[[ Supplied information open ]]

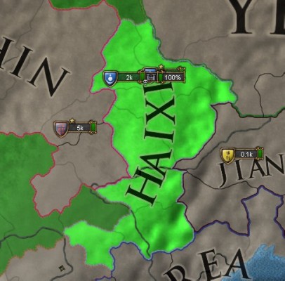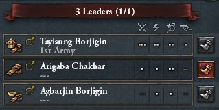 最初からいる6Kの部隊は一直線にオイラートの首都Kobdoに向かう一方、Tribesから招集した騎兵はバラバラに各地の占領に取り掛かります。オイラートの部隊はチャガタイの兵を避けてモンゴル領に進入してきますが決して戦ってはいけません。こちらを上回る兵力に加えて、白兵5・移動5という化け物じみた将軍が率いています。騎兵が1~2部隊消されるくらいは許容範囲。主力を守るための囮になったと考えましょう。
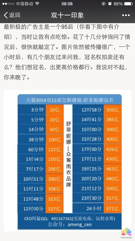 昨天,朋友圈里傳的最火的一條消息莫過于鬼腳七今年雙11的廣告被一個95后拍下了7W高價,竟然只是為了冠名一張鬼腳七當天在朋友圈滾動播報的一張雙11當天實時成交額播報圖!
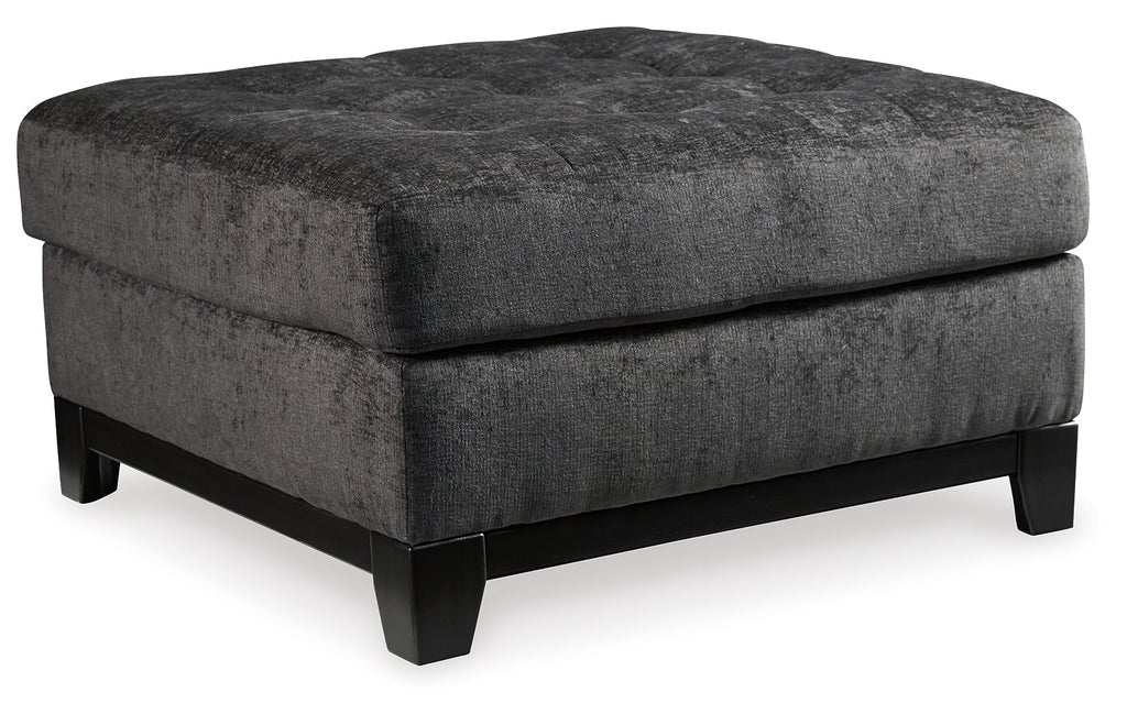 Stealing the show in a steel gray upholstery that's wonderfully plush and so on trend, this oversized ottoman takes center stage when it comes to comfort and contemporary style. Exposed feet with a faux wood finish complete the look.

[[ Supplied information closed ]]

## Instructions to follow
Begin at the top of the material above and output each line exactly, stopping after the line that holds "昨天,朋友圈里傳的最火的一條". Leave out pictures.

## Written response
 最初からいる6Kの部隊は一直線にオイラートの首都Kobdoに向かう一方、Tribesから招集した騎兵はバラバラに各地の占領に取り掛かります。オイラートの部隊はチャガタイの兵を避けてモンゴル領に進入してきますが決して戦ってはいけません。こちらを上回る兵力に加えて、白兵5・移動5という化け物じみた将軍が率いています。騎兵が1~2部隊消されるくらいは許容範囲。主力を守るための囮になったと考えましょう。
 昨天,朋友圈里傳的最火的一條消息莫過于鬼腳七今年雙11的廣告被一個95后拍下了7W高價,竟然只是為了冠名一張鬼腳七當天在朋友圈滾動播報的一張雙11當天實時成交額播報圖!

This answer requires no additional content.